DATA FOR ANALYSIS
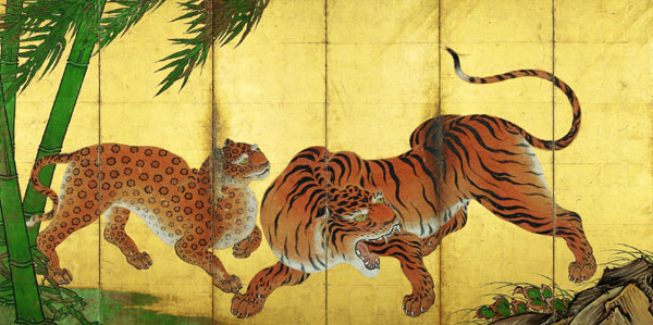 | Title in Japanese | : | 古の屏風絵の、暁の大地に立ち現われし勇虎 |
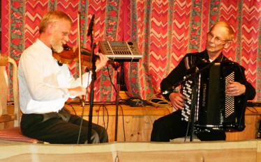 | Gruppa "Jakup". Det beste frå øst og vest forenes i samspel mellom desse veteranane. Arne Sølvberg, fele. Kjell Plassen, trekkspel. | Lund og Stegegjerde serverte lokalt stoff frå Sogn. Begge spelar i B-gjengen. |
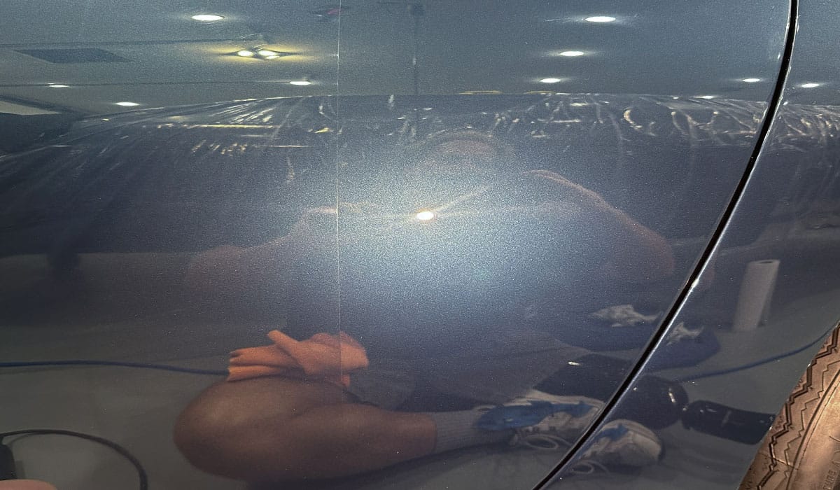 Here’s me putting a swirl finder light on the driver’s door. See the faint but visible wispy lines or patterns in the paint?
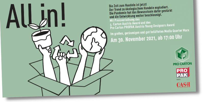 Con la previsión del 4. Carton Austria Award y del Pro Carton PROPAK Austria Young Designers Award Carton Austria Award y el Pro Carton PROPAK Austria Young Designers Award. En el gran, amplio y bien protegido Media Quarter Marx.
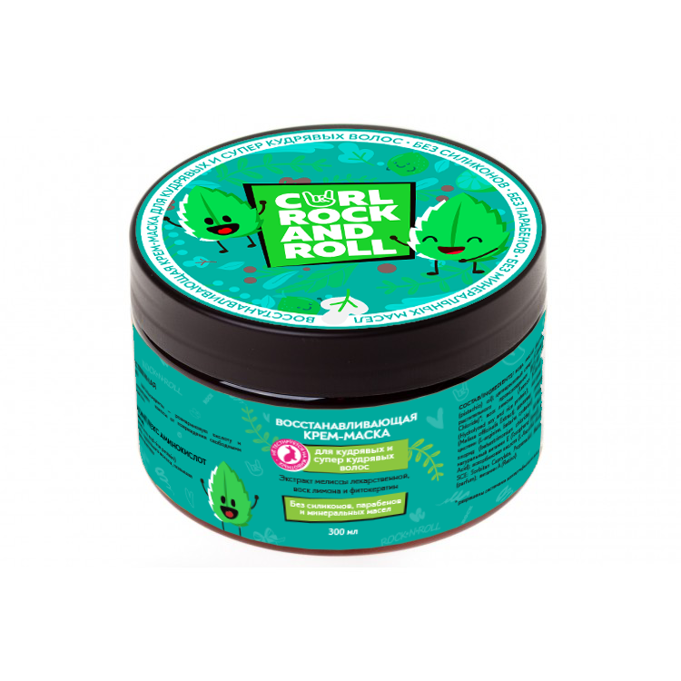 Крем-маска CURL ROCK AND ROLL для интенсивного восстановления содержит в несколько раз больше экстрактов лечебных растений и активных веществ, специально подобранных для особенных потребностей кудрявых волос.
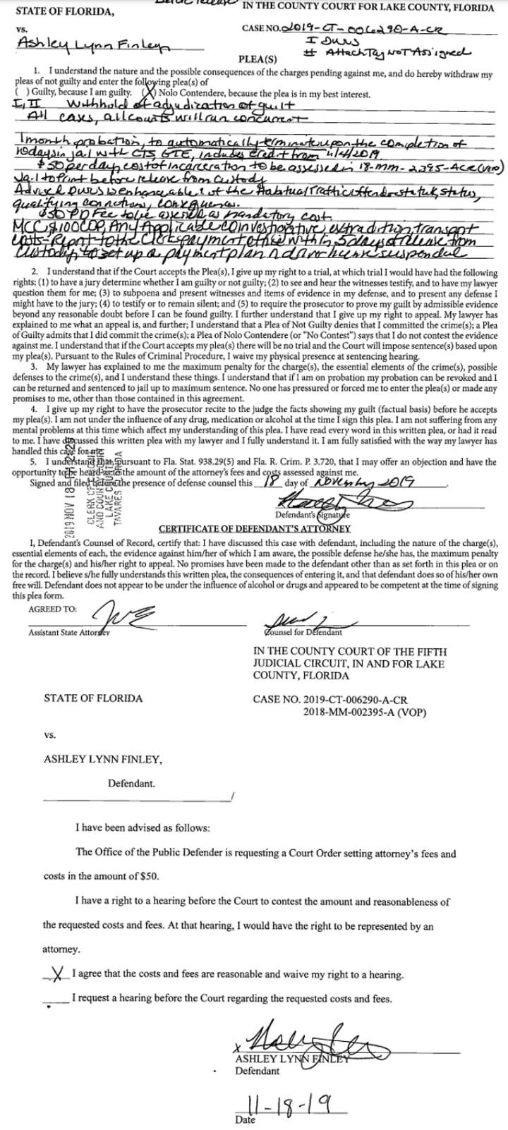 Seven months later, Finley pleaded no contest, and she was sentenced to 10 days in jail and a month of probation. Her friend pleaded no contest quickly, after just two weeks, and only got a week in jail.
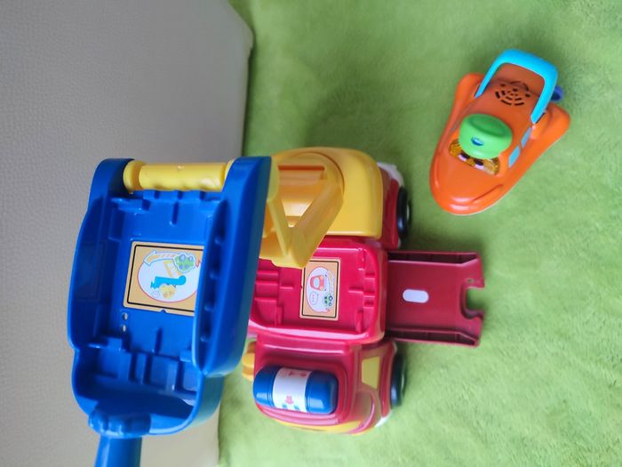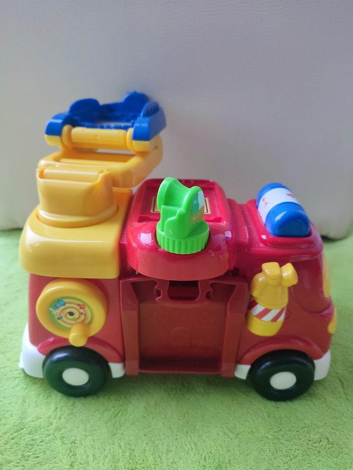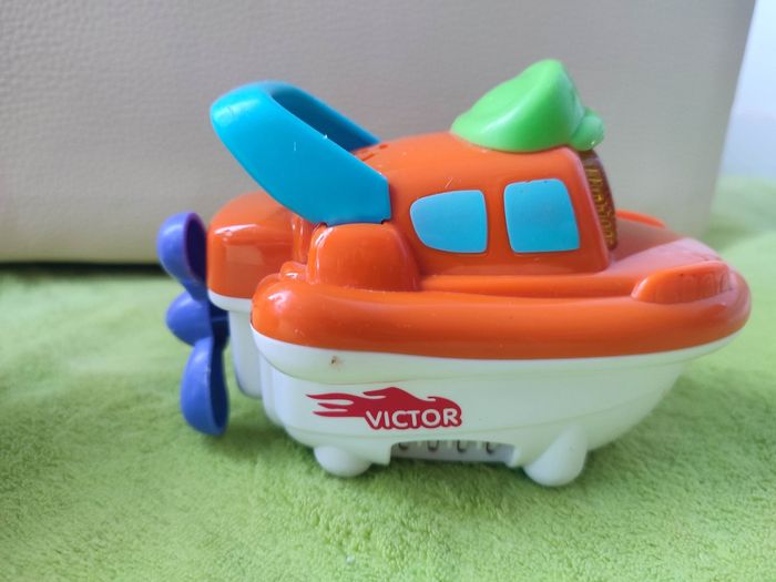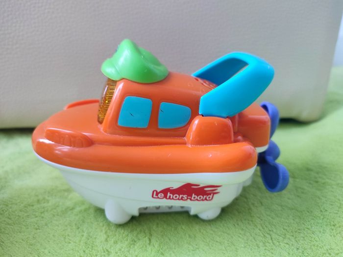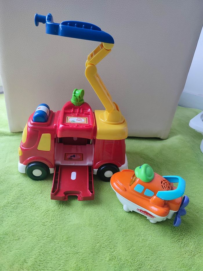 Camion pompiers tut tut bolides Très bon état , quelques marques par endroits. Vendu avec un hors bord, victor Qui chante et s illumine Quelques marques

---

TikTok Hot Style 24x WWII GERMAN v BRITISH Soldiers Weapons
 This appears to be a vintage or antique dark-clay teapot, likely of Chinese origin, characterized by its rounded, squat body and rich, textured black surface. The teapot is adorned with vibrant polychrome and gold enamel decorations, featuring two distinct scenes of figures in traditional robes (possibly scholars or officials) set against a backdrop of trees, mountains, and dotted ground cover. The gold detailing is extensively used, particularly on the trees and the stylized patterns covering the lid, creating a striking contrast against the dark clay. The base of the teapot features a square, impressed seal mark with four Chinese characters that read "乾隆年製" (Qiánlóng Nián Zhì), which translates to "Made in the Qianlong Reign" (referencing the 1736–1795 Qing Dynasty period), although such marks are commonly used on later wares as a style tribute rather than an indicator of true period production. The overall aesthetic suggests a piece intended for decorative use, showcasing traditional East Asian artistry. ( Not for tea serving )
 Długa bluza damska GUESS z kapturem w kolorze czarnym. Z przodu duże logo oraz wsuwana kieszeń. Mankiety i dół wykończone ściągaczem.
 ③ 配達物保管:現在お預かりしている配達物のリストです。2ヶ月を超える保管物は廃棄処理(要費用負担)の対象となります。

EXERCISE REQUIREMENTS
In the records above, copy exactly everything from the line that has "Japanese | : | 古の屏風絵の、暁の大地に立ち現われし勇虎 |" down to the line that has "Camion pompiers tut", both ends included, and leave out the pictures.

RESPONSE FOR THIS EXERCISE
 | Title in Japanese | : | 古の屏風絵の、暁の大地に立ち現われし勇虎 |
 | Gruppa "Jakup". Det beste frå øst og vest forenes i samspel mellom desse veteranane. Arne Sølvberg, fele. Kjell Plassen, trekkspel. | Lund og Stegegjerde serverte lokalt stoff frå Sogn. Begge spelar i B-gjengen. |
 Here’s me putting a swirl finder light on the driver’s door. See the faint but visible wispy lines or patterns in the paint?
 Con la previsión del 4. Carton Austria Award y del Pro Carton PROPAK Austria Young Designers Award Carton Austria Award y el Pro Carton PROPAK Austria Young Designers Award. En el gran, amplio y bien protegido Media Quarter Marx.
 Крем-маска CURL ROCK AND ROLL для интенсивного восстановления содержит в несколько раз больше экстрактов лечебных растений и активных веществ, специально подобранных для особенных потребностей кудрявых волос.
 Seven months later, Finley pleaded no contest, and she was sentenced to 10 days in jail and a month of probation. Her friend pleaded no contest quickly, after just two weeks, and only got a week in jail.
 Camion pompiers tut tut bolides Très bon état , quelques marques par endroits. Vendu avec un hors bord, victor Qui chante et s illumine Quelques marques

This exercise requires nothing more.